**TO DO:**
The data below should be copied out exactly, with its pictures omitted.

[Collected data]

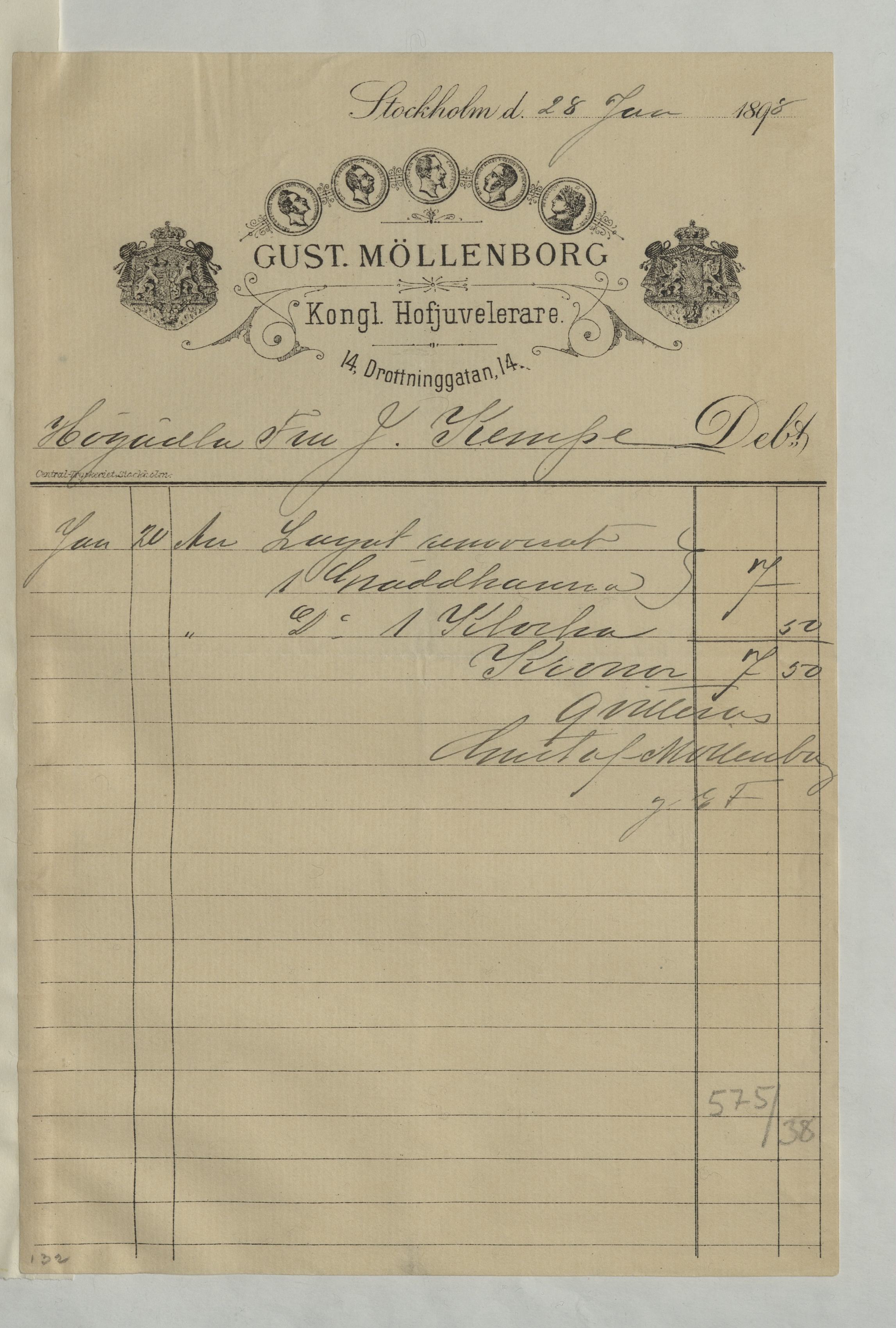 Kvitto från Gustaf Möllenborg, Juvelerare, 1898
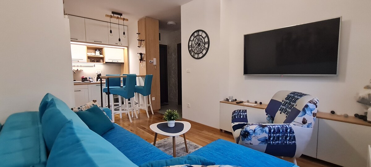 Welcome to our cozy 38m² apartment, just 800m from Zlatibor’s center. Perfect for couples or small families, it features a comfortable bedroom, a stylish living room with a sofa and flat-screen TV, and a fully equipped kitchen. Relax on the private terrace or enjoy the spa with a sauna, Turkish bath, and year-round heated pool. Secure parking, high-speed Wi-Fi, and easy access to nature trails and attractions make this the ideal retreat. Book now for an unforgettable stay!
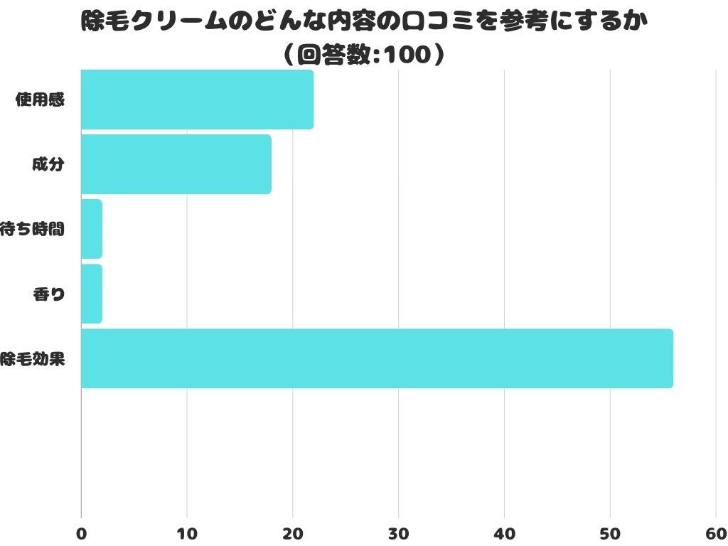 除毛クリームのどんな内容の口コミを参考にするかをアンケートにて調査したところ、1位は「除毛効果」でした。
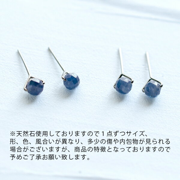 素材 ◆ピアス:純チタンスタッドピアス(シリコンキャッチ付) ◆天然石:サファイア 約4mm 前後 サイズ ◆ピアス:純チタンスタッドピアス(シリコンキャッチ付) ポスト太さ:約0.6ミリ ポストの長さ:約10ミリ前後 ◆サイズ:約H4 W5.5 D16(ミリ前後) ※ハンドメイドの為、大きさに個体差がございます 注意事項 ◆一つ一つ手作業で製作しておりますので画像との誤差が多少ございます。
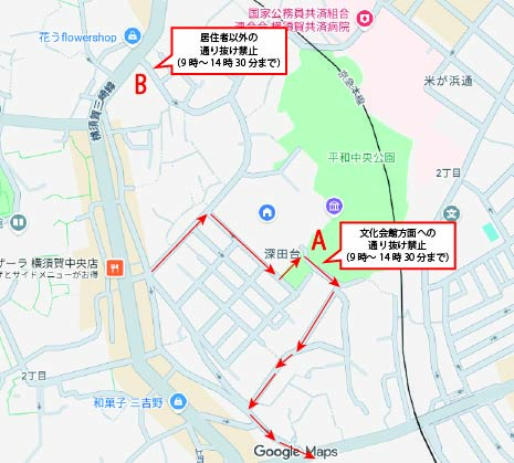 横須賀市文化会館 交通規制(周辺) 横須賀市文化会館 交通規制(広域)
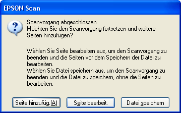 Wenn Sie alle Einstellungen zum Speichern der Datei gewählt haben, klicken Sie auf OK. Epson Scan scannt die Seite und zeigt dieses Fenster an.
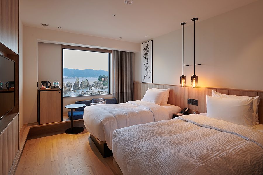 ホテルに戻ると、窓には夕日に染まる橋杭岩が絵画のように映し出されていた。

**ANSWER AREA:**
 Kvitto från Gustaf Möllenborg, Juvelerare, 1898
 Welcome to our cozy 38m² apartment, just 800m from Zlatibor’s center. Perfect for couples or small families, it features a comfortable bedroom, a stylish living room with a sofa and flat-screen TV, and a fully equipped kitchen. Relax on the private terrace or enjoy the spa with a sauna, Turkish bath, and year-round heated pool. Secure parking, high-speed Wi-Fi, and easy access to nature trails and attractions make this the ideal retreat. Book now for an unforgettable stay!
 除毛クリームのどんな内容の口コミを参考にするかをアンケートにて調査したところ、1位は「除毛効果」でした。
 素材 ◆ピアス:純チタンスタッドピアス(シリコンキャッチ付) ◆天然石:サファイア 約4mm 前後 サイズ ◆ピアス:純チタンスタッドピアス(シリコンキャッチ付) ポスト太さ:約0.6ミリ ポストの長さ:約10ミリ前後 ◆サイズ:約H4 W5.5 D16(ミリ前後) ※ハンドメイドの為、大きさに個体差がございます 注意事項 ◆一つ一つ手作業で製作しておりますので画像との誤差が多少ございます。
 横須賀市文化会館 交通規制(周辺) 横須賀市文化会館 交通規制(広域)
 Wenn Sie alle Einstellungen zum Speichern der Datei gewählt haben, klicken Sie auf OK. Epson Scan scannt die Seite und zeigt dieses Fenster an.
 ホテルに戻ると、窓には夕日に染まる橋杭岩が絵画のように映し出されていた。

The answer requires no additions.